Jones Island

Another week of projected good weather inspired more self-isolation on the high seas. Once again the challenge was to plan in itinerary that included only uninhabited (or very sparsely inhabited) places.

We began our journey with a two-and-a-half hour cruise to little Jones Island. Jones, which lies just off the western coast of Orcas Island, is a favorite – ours and everyone else’s. It’s usually too crowded to make a stop worthwhile. But under present circumstances, it was pretty much all ours.

We began our visit with a two mile loop walk around the western half of the Island.

Jones is a small Island with harbors on the north and south sides. Each has three mooring buoys and room for some anchoring. Here’s a look back at the northern harbor as we began our loop walk.
Mary Anne learns about the project to restore native trees to the Island.
Some trees really make it hard on themselves!

We continued our visit to Jones the next day by walking the eastern, slightly longer, loop with our Anacortes friends Greg and Marlene.

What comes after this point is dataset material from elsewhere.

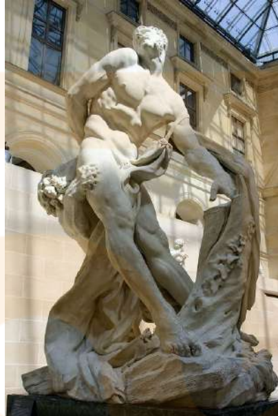
Girardon. Apol·lo i les nimfes de Tetis ( 1666-1673), marbre. Gruta de Tetis, Palau de Versalles, Paris. A la dreta, Puget. Miló de Crotona (1682), marbre. Musée du Louvre, Paris.

Marlene and Greg’s boat, Tradition, a Nordic Tug 37 floats in front of Impromptu
Notice the little flowers (at least that’s what I think they are)
Greg, Mary Anne and Marlene practice social distancing while looking across Spring Passage to Orcas Island
This is the harbor on the south side of Jones Island. There’s no dock and you have to be careful of rocks in the shallow water
The Island’s water tower set on the high point between the north and south camping areas
Someone’s artistic arrangement of a bit of deer scull

Jones Island is particularly nice when it’s all yours, but after three days, we decided that it was time to move on.